In an effort to extend the reach with support for 128 splits, the standard supports a range of optical budgets from 29 dB to 31 dB. A draft update to the standard is expected to further extend this to 33 dB and 35 dB budget classifications. A PON with a 35 dB optical budget could span 25 km or more and be shared/split among 128 subscribers.^[11] XGS-PON also supports split ratios of up to 1:128.^[12]

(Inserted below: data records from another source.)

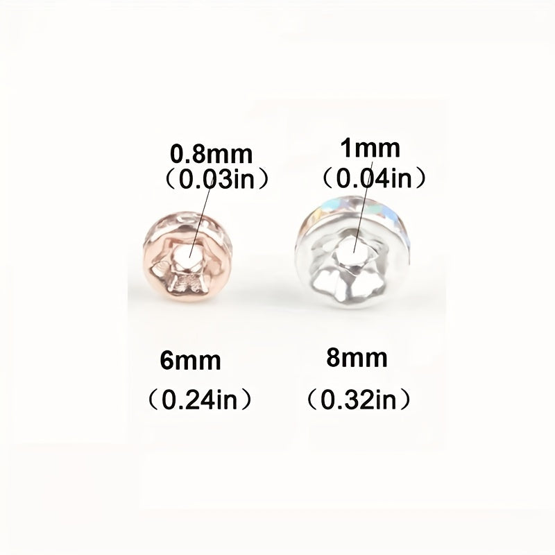 Get this pack of 300 round rhinestone spacer beads made of crystal glass for your jewelry making projects. Perfect for necklaces, bangles, pendants, and more.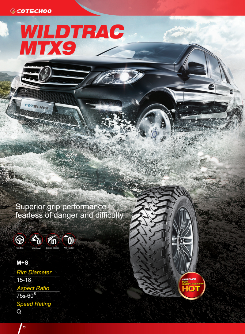 火焰型大塊花紋,是一款用于極限越野的輪胎,惡劣路況下提供超強的驅(qū)動力、泥地防滑性能。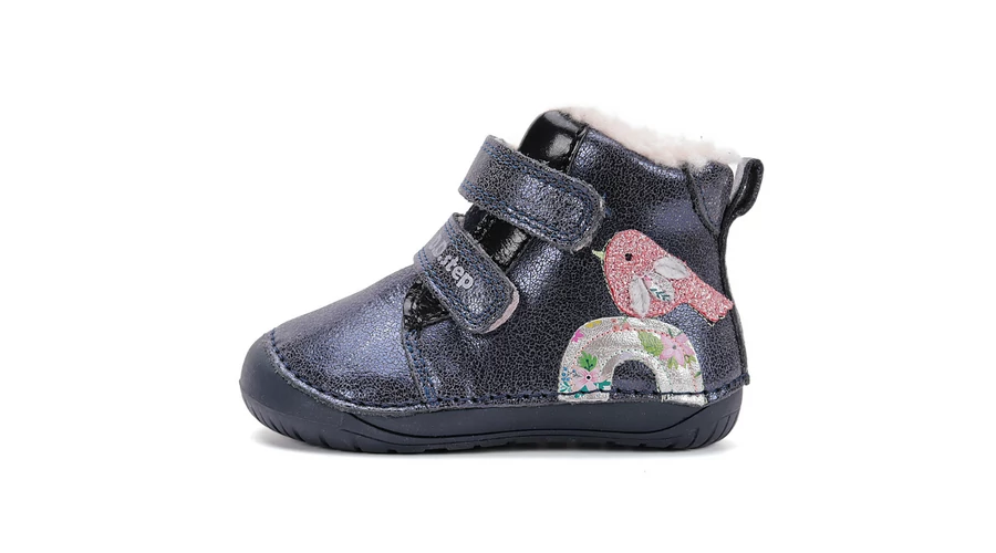 Ez a D.D.Step barefoot kislány cipő a mezítlábas járás élményét nyújtja, miközben megbízható védelmet biztosít a hideg téli napokon. A puha, hajlékony talp lehetővé teszi a láb természetes mozgását, így segíti az egészséges fejlődést. A sötétkék csillogó felsőrész különleges megjelenést ad, míg az oldalán található vidám madár és szivárvány minta garantáltan elnyeri a gyerekek tetszését. A két tépőzáras pántnak köszönhetően a cipő könnyen fel- és levehető, a belső meleg bélés pedig gondoskodik a maximális kényelemről. Rugalmas, csúszásmentes talpa biztonságos járást nyújt, így ez a modell tökéletes választás a mindennapi téli használatra.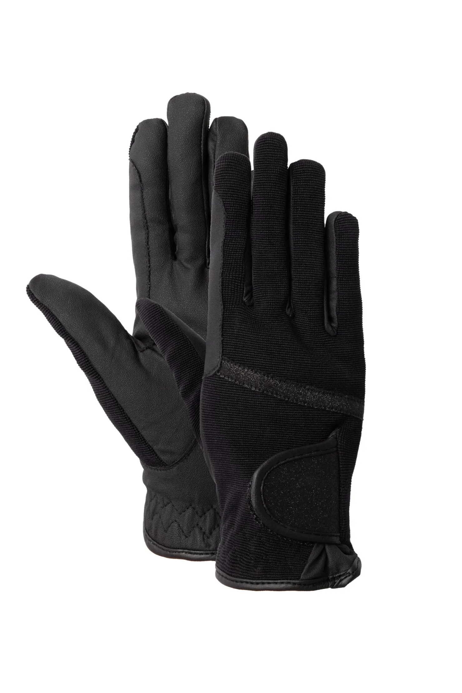 Disse elegante, godt tilpassede hanskene kommer med glitrende detaljer for å lyse opp de kalde dagene. Det varme fôret beskytter hendene dine fra kulden. Det elastiske materialet strekker seg etter hånden din, og PU-læret gir utmerket grep når du rir.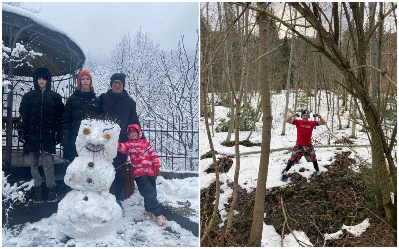 Подружжя багато часу проводить з дітьми — вони катаються на санчатах, ліплять снігову бабу, а цього разу зліпили гуцула з вусами. «Люди в Інстаграмі сказали, що вийшов Зібров», — жартує співак.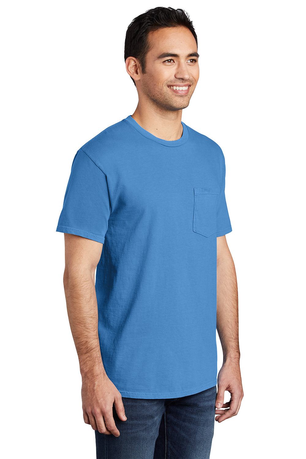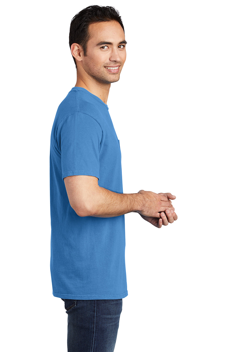 Port & Company Mens Beach Wash Short Sleeve Crewneck T-Shirt w/ Pocket - Blue Moon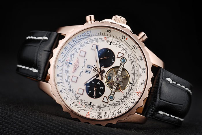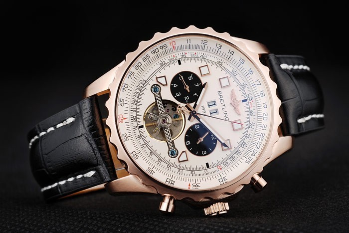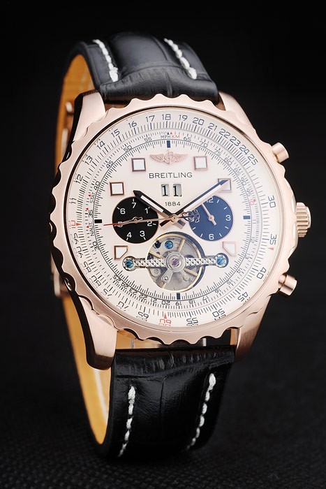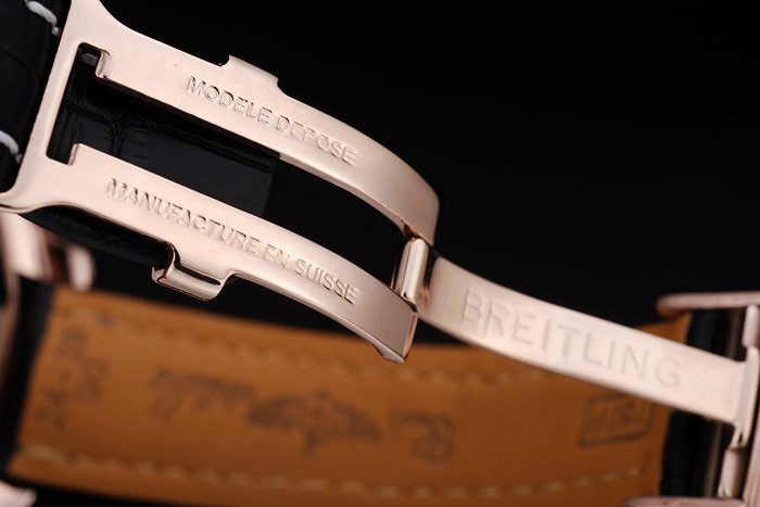 Armband: Hitze geprägt Breitling Name und das Logo schwarzes Krokodillederband mit weißen Faden stiching und Logogravur Rosen vergoldet klappbare in clasp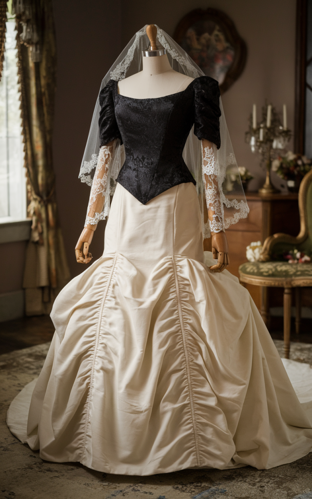 The corseted bodice, sculpted with precision, features an off-the-shoulder neckline and gathered sleeves that add an air of regal sophistication. The contrast between the dark, jacquard-patterned fabric and the soft ruched satin of the skirt evokes a sense of mystery—like candlelit ballrooms filled with hushed secrets and stolen glances. Lace-trimmed sheer sleeves and an intricate veil complete the look, adding an ethereal softness to the structured silhouette.

Some ONTs can receive a broad range of optical spectrum from 1480 nm to 1580 nm, so making the 10G-PON downstream signal visible to G-PON receivers. As a result, ONTs must block the unwanted downstream signals with a wavelength blocking filter (WBF), a small passive optical device.^[11]

Field trials

In October 2010, Portugal Telecom reported a successful field trial of 10G-PON, transmitting 3D-TV content using XG-PON1 capabilities.^[13]
Verizon also successfully completed a field trial of the pre-standard XG-PON2 (synchronous 10G-PON) capable of delivering a 10 Gbit/s broadband connection both downstream and upstream. In October 2010, at a Verizon customer's business in Taunton, Mass., the XG-PON2 trial used the same optical fibre that provides that business with its existing FiOS network connection and services.

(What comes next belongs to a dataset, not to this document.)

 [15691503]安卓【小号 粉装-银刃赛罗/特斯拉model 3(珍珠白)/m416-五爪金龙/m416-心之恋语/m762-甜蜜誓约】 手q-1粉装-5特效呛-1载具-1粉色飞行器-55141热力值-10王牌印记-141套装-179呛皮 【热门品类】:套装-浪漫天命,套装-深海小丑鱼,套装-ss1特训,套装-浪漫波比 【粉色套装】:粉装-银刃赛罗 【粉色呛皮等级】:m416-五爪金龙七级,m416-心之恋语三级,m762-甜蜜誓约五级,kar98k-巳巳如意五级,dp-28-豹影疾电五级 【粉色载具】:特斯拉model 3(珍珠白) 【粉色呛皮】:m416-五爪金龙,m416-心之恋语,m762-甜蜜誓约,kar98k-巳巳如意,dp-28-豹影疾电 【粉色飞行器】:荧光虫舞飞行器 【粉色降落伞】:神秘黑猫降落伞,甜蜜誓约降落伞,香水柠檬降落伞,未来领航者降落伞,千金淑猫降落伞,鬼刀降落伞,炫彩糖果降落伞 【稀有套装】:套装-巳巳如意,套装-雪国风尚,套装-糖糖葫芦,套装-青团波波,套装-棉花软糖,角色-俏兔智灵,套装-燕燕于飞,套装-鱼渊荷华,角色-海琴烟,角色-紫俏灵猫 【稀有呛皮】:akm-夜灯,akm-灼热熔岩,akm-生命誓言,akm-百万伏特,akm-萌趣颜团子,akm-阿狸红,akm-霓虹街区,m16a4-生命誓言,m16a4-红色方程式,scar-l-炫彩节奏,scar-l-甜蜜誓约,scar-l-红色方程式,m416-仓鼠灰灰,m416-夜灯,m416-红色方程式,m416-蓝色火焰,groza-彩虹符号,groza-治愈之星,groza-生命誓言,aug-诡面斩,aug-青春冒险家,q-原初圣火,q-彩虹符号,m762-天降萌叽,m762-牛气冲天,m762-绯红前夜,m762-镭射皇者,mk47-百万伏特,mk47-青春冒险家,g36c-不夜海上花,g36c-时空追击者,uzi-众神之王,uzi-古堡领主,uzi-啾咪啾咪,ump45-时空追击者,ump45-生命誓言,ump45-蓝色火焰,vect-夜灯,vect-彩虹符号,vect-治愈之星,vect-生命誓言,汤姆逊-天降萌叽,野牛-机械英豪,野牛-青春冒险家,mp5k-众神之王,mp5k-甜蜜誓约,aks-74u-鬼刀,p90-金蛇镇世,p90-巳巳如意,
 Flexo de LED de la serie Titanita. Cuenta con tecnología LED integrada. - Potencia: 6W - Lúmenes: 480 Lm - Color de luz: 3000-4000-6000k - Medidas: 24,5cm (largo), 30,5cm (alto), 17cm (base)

BT in the UK is providing a trial 10-Gbit/s broadband service to a business customer in Cornwall using XGPON technology, it announced on 23rd Nov 2012.^[14]
Chorus in New Zealand is providing a trial 10-Gbit/s broadband service to customers using XGS-PON technology. It was announced on 18th Nov 2019.^[15]
OpenFiber (wholesale-only FTTH carrier in Italy) has successfully trialled a 10 Gbit service with coexisting GPON on the same fiber, using XGS-PON technology from ZTE, on March 14, 2019 in collaboration with ISP Fibra.city.^[16]^[17]
- Announced the commercial availability on its OpenStream product (bitstream access) on March 26, 2021.^[18]
Telecom Italia is starting a trial on three exchanges in Italy using XGS-PON equipment from Nokia, both to its retail customers and to its wholesale clients.^[19]^[20]^[21]